My first guess would have been the same as yours-- that the recipient was scamming you. I've heard from a friend who sells on eBay a lot that it's happened to him a couple of times. A part of the order which has value in and of itself was supposedly missing and the guy wanted a refund so you end up being minus (in this case) a blade plus the price the guy paid for the complete item.

Unfortunately, it'll be your word against his, unless you have some sort of unedited video of the packing process, driving to the post office, and handing the package over to the clerk. And from what I hear, eBay tends to side with the buyer in this sort of case.

As for tampering at the PO, the only thing close in my experience was that a high school buddy of mine and I used to write back and forth, and he was a bit of a joker and used to add weird titles to my name on the address. I got a letter from him one day which he clearly hadn't addressed (it looked like a woman's handwriting). I asked him about it the next time he came home on break and he was clueless.

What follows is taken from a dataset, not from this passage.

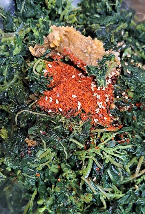 큰 볼에 물기를 짠 비름나물과 양념장 재료(고추장, 된장(멸치액젓: 취향에 따라), 참기름/들기름, 다진 마늘, 고춧가루, 매실액/올리고당, 통깨)를 모두 넣고, 손끝으로 살살 조물조물 무쳐주세요. (잘게 다진 대파를 조금 넣어주면 향긋함이 더 살아납니다.)

The only conclusion I could draw was that someone at the PO thought there was more to this that just a weird sense of humor. That letter had nothing on it to indicate that it had been opened and examined.


----------



## gstrum (Mar 7, 2018)

Here's a bit of an update with some additional info that speaks more and more of a scam being pulled. I asked my post office if they may have confiscated the blade for some reason, and if they had, would they then deliver it without any notice of having done so. The answer to both questions was no. It was then suggested that I file an invention claim for lost item. I relayed the information to the buyer asking him to first let me know if the package was handed directly to him and that no one else had access to it in the five days between delivery and when he sent me the first message. I also pointed out something else I noticed since he sent me a photo of the shaft: there were three rubber bands wrapped around the split shaft when i sent it, in his picture there are only two. It's been almost two days without a replay from him.

I think he took off the middle rubber band, saw the extent of the splitting (I acurately described it) and decided to pull the scam. That said, I still feel that I'm going to get the shaft (pun intended) on this as eBay is not a seller friendly venue.


----------